Pour maximiser encore ses profits, l’industriel a même bénéficié de largesses multiples, en particulier de la politique climatique européenne. Les menaces de délocalisation, le chantage à l’emploi et les combines financières ont permis à l’entreprise de s’affranchir de ses obligations en matière de réduction de ses émissions de gaz carbonique.
Dans tous les pays européens où il est installé, le groupe Mittal s’est vu délivrer gratuitement un montant faramineux de ces permis de CO2 qui s’échangent en Bourse, lui permettant d’accumuler un trésor de guerre d’environ 1,9 milliard d’euros ! Pire, ces «droits à émettre» concernent parfois des sites industriels dont l’arrêt a été décidé peu après l’adjudication des permis, comme c’est le cas à Seraing en Belgique. Flouées, les autorités ont regardé Mittal passer à la caisse car la revente d’une petite partie de ces quotas a rapporté au groupe 70 millions d’euros en 2010 et 105 millions en 2011.

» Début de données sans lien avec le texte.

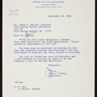 Tags: Luncheons~ O'Neil, John J.~ Thank-you notes~ Watson, James D., 1928-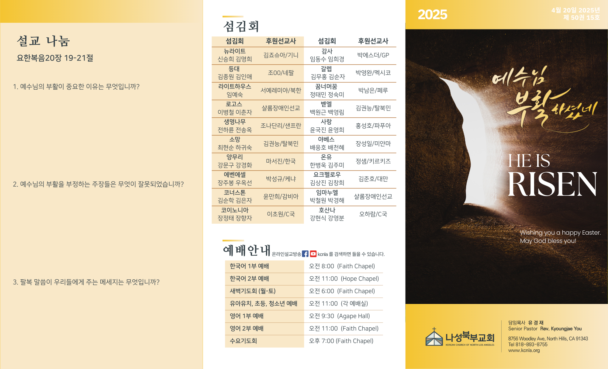 2025년 4월 20일 교회주보 페이지 정보 작성자 나성북부교회 댓글 0건 조회 2,418회 작성일 25-04-19 10:13 목록 본문 2025년 4월 20일 교회주보 이전글2025년 4월 27일 교회주보 25.04.26 다음글2025년 4월 13일 교회주보 25.04.12 목록 댓글 0 댓글목록 등록된 댓글이 없습니다.
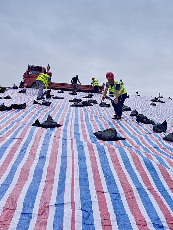 鋪設苫蓋彩條布 防止雨水浸泡渠道邊坡

Décidément insatiable d’aides publiques, l’industriel de l’acier a également profité de 15 millions d’euros du gouvernement français au titre du crédit impôt recherche pour les travaux du centre de Maizières-lès-Metz, alors que la direction annonçait une baisse de 15 % de son budget de recherche et développement.
Ce sont cependant moins l’honneur ou l’indignité de Mittal qui sont en cause que l’impuissance des Etats à combattre cette stratégie de restructuration à l’échelle mondiale. Une stratégie qui met en concurrence les sites de production et les Etats à travers leurs normes sociales et environnementales, leurs régimes fiscaux et leurs aides publiques.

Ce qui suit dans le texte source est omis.